Poi, ho trovato questo sullo Zingarelli 2012:
_calzoni a staffa_, con una striscia che passa sotto i piedi.


----------



## Girl_Afraid

fantastico!! 
allora vado di "calzoni a staffa" 
grazie mille per l'aiuto!!


----------



## valerie1987

credo si chiamino pantaloni/calzoni con le ghette o calzoni a staffa. Comunque se posso azzardare un consiglio cambierei "portava sulla schiena" con semplicemente "indossava", scorre di più... e "date le circostanze" al plurale è sempre da preferire  ciao!


----------



## Girl_Afraid

ciao valerie1987,
grazie per il consiglio! ho optato per i _calzoni a staffa_ alla fine! per quanto riguarda il resto della frase, la traduzione che ho scritto sopra era ancora in fase "letterale"... infatti l'ho già cambiata e ho tolto "sulla schiena" che era davvero brutto!!  posso chiederti se secondo te "blouse" può essere tradotto con "blusa"? io stavo per scrivere "mantello", ma fa un po' medioevo


----------



## valerie1987

La parola "blusa" è abbastanza usata in italiano, ma non è un mantello.

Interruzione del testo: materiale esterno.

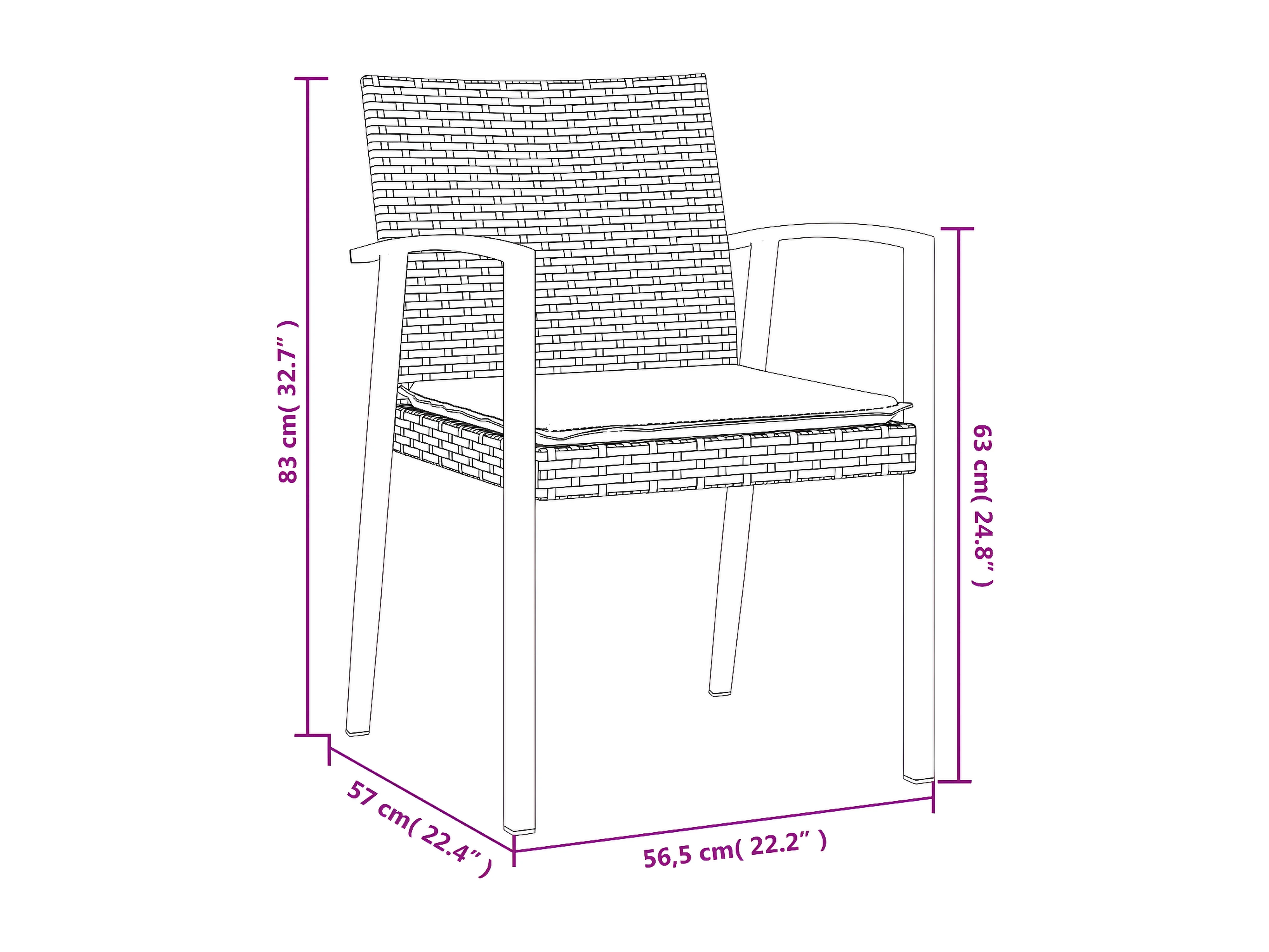 Chaises de jardin et coussins lot de 2 noir 56,5x57x83 rotin

Sono due cose diverse. La blusa è una casacca, una camicia, una maglia, qualcosa che si infila, tipicamente da donna peraltro nell'accezione italiana. La "blouse" di cui parla il tuo testo, soprattutto dato il periodo storico e il soggetto maschile, è, invece, proprio una mantella. Non sono un'esperta, ma rientra indubbiamente più nella categoria dei paletot e delle giacche che in quella dell'abbigliamento che ci va sotto! Credo fosse l'alternativa alla redingote nel tuo testo, quindi è un capo da esterno. Se scrivi blusa in italiano si intenderà una casacca da interno. Spero di esserti stata utile


----------



## Girl_Afraid

io sono una capra quando si tratta di abbigliamento, figuriamoci quello dei secoli passati! 

avevo pensato al mantello perchè il testo dice che "si gonfia al vento", e non riuscivo ad immaginarmi una giacca... quindi alla fine avevo visto giusto  

merci beaucoup!!


----------